Description-Content-Type: text/markdown

# MEx artificial

Create artificial data for the MEx project.

[![cookiecutter](https://github.com/robert-koch-institut/mex-artificial/actions/workflows/cookiecutter.yml/badge.svg)](https://github.com/robert-koch-institut/mex-template)
[![cve-scan](https://github.com/robert-koch-institut/mex-artificial/actions/workflows/cve-scan.yml/badge.svg)](https://github.com/robert-koch-institut/mex-artificial/actions/workflows/cve-scan.yml)
[![documentation](https://github.com/robert-koch-institut/mex-artificial/actions/workflows/documentation.yml/badge.svg)](https://robert-koch-institut.github.io/mex-artificial)
[![linting](https://github.com/robert-koch-institut/mex-artificial/actions/workflows/linting.yml/badge.svg)](https://github.com/robert-koch-institut/mex-artificial/actions/workflows/linting.yml)
[![open-code](https://github.com/robert-koch-institut/mex-artificial/actions/workflows/open-code.yml/badge.svg)](https://gitlab.opencode.de/robert-koch-institut/mex/mex-artificial)
[![testing](https://github.com/robert-koch-institut/mex-artificial/actions/workflows/testing.yml/badge.svg)](https://github.com/robert-koch-institut/mex-artificial/actions/workflows/testing.yml)

## Project

The Metadata Exchange (MEx) project is committed to improve the retrieval of RKI
research data and projects. How? By focusing on metadata: instead of providing the
actual research data directly, the MEx metadata catalog captures descriptive information
about research data and activities. On this basis, we want to make the data FAIR[^1] so
that it can be shared with others.

Via MEx, metadata will be made findable, accessible and shareable, as well as available
for further research. The goal is to get an overview of what research data is available,
understand its context, and know what needs to be considered for subsequent use.

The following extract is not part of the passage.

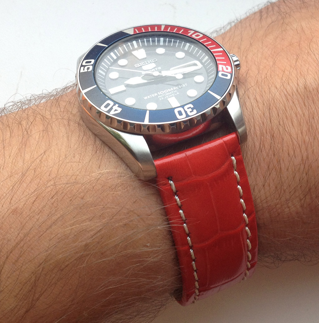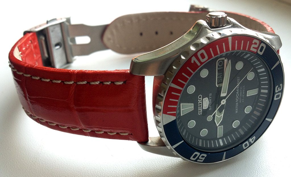 к моему SEIKO 5 Submariner SNZF15 SNZF15J2 Japan Made я уже прикупил красный ремешок и синий ремешок (в цвет безеля)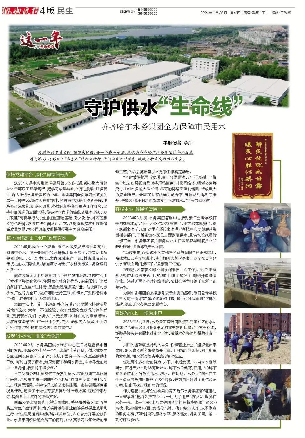 1月25日,鶴城晚報報道齊齊哈爾水務(wù)集團2023年保障供水的各項舉措。作為齊齊哈爾市民生保障企業(yè),齊水集團肩負著居民生活用水、企業(yè)生產(chǎn)用水的服務(wù)保障任務(wù)。他們以優(yōu)質(zhì)的服務(wù),默默守護市民的用水安全,不僅為齊水集團的年終答卷增光添彩,也彰顯了“水務(wù)人”的擔當精神。

RKI cooperated with D4L data4life gGmbH for a pilot phase where the vision of a
FAIR metadata catalog was explored and concepts and prototypes were developed.
The partnership has ended with the successful conclusion of the pilot phase.

After an internal launch, the metadata will also be made publicly available and thus be
available to external researchers as well as the interested (professional) public to
find research data from the RKI.

For further details, please consult our
[project page](https://www.rki.de/DE/Aktuelles/Publikationen/Forschungsdaten/MEx/metadata-exchange-plattform-mex-node.html).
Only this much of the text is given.